Аллан Кватермэн, стр. 40

Сэр Генри снял гладкое золотое кольцо с мизинца и надел на ее палец. Это кольцо принадлежало еще покойной матери Куртиса, и я невольно подумал, как удивилась бы почтенная старая леди из Йоркшира, если бы предвидела, что ее обручальное кольцо будет надето на руку Нилепты, королевы Цу-венди.

Что касается Эгона, он с трудом сдерживался во время второй церемонии, и, несомненно, с ужасом помышлял о девяносто пяти религиях, которые зловеще мелькали перед его глазами. В самом деле, он считал меня своим соперником и ненавидел меня! В конце концов, он с негодованием ушел, и я знал, что мы можем ожидать от него всего худшего.

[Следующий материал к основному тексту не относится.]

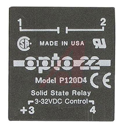 Opto 22 4 A Solid State Relay, AC, PCB Mount, 120 V ac Maximum Load [P120D4]; 888-8350
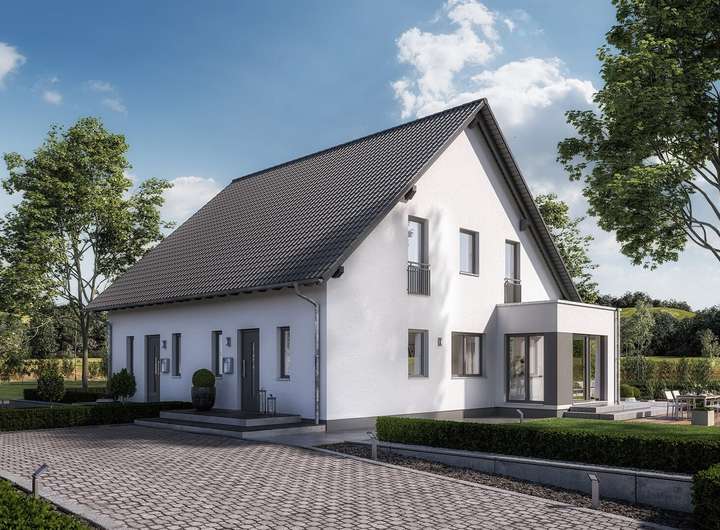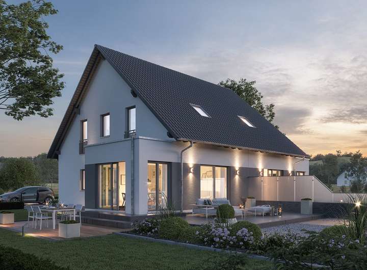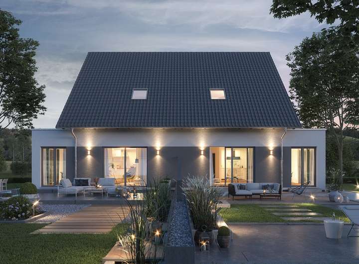 Geradlinig und klar in der Form: Das Doppelhaus TwinStyle 13.03 S ist mit seinen ca. 139 m² Nettogrundfläche ideal für die Verwirklichung individueller Wohnwünsche. Im Erdgeschoss bietet der clever geplante Wohn-Ess-Bereich mit offener Küche viel Raum für Gesellschaft. Im Obergeschoss stehen sich Kinderzimmer und Elternschlafzimmer einander gegenüber, getrennt durch ein gemeinsames Bad und durch eine Treppe mit angrenzender Galerie. Unter dem Spitzboden steht ein weiterer Raum für die persönliche Entfaltung bereit.

Потом мы с Гудом также ушли, с нами Умслопогас, и счастливая парочка осталась наедине. Мы чувствовали себя очень скверно. Предполагается, что свадьба — веселая и приятная вещь, но мой опыт показал мне, что часто она отзывается тяжело на всех, кроме двух заинтересованных людей! Свадьба часто ломает старые устои, порывает старые узы; тяжело нарушать старые порядки! Взять пример: сэр Генри, милейший и лучший товарищ во всем мире, совершенно изменился со времени своей свадьбы. Вечно — Нилепта, тут — Нилепта, там — Нилепта, с утра до ночи все одна Нилепта, только она одна в голове и в сердце! Что касается старых друзей, конечно, они остались друзьями, — но молодая жена предусмотрительно заботится оттеснить их на второй план! Как ни печально, но это факт! Сэр Генри изменился, Нилепта — прекрасное, очаровательное создание, но я думаю, ей хочется дать нам понять, что она вышла замуж за Куртиса, а не Кватермэна, Гуда и К . Но что пользы жаловаться и ворчать? Это вполне естественно, и всякая замужняя женщина не затруднится объяснить это, а я, самолюбивый, завистливый старик, хотя, надеюсь, никогда не показал им этого.

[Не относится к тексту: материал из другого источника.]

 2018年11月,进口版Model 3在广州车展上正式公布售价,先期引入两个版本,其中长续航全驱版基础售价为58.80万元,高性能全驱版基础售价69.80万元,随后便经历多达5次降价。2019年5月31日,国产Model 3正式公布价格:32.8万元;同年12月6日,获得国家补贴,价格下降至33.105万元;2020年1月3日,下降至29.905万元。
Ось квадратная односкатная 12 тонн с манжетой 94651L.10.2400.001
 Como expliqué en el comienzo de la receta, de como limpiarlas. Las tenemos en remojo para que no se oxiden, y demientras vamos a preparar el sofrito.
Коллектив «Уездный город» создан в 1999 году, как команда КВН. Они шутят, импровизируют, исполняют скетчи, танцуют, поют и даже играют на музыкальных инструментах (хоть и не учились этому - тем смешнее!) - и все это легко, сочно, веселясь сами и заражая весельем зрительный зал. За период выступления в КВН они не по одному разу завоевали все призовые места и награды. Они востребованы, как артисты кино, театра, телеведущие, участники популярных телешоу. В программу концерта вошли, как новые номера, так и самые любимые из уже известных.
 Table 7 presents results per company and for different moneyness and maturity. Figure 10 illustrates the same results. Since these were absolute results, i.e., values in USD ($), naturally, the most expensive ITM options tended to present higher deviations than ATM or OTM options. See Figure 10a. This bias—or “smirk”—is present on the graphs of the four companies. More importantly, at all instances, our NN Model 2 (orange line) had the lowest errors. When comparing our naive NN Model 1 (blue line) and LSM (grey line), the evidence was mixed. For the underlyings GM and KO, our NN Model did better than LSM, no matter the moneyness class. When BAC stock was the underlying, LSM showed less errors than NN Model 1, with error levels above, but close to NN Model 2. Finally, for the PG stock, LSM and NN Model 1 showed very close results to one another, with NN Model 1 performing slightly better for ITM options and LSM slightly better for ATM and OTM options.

Мы с Гудом пошли и молча пообедали, стараясь подкрепить себя добрым старым вином. Как вдруг явился один человек из нашей партии и рассказал нам историю, которая заставила нас призадуматься.

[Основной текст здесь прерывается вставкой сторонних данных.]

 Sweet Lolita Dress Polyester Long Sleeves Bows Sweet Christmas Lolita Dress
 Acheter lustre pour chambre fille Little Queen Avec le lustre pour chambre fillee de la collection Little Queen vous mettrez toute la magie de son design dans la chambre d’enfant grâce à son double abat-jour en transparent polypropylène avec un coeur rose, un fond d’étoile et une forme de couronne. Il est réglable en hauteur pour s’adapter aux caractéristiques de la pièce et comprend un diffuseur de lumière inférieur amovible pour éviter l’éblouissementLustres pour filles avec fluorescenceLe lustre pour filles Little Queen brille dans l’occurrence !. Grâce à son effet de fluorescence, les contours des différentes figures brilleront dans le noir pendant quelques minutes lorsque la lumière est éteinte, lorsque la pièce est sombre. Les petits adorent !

После своей ссоры с Умслопогасом Альфонс ушел очень раздраженный. Очевидно, он отправился прямо к Храму солнца и прошел в парк или, вернее, в сад, окружавший наружную стену храма. Побродив там, он хотел вернуться, но встретил поезд Зорайи, отчаянно летевший по северной дороге. Когда она заметила Альфонса, то остановила поезд и позвала его.

Он подошел, его схватили, бросили в один из экипажей и увезли; хотя он отчаянно кричал, как объяснил нам человек, который пришел уведомить нас обо всем.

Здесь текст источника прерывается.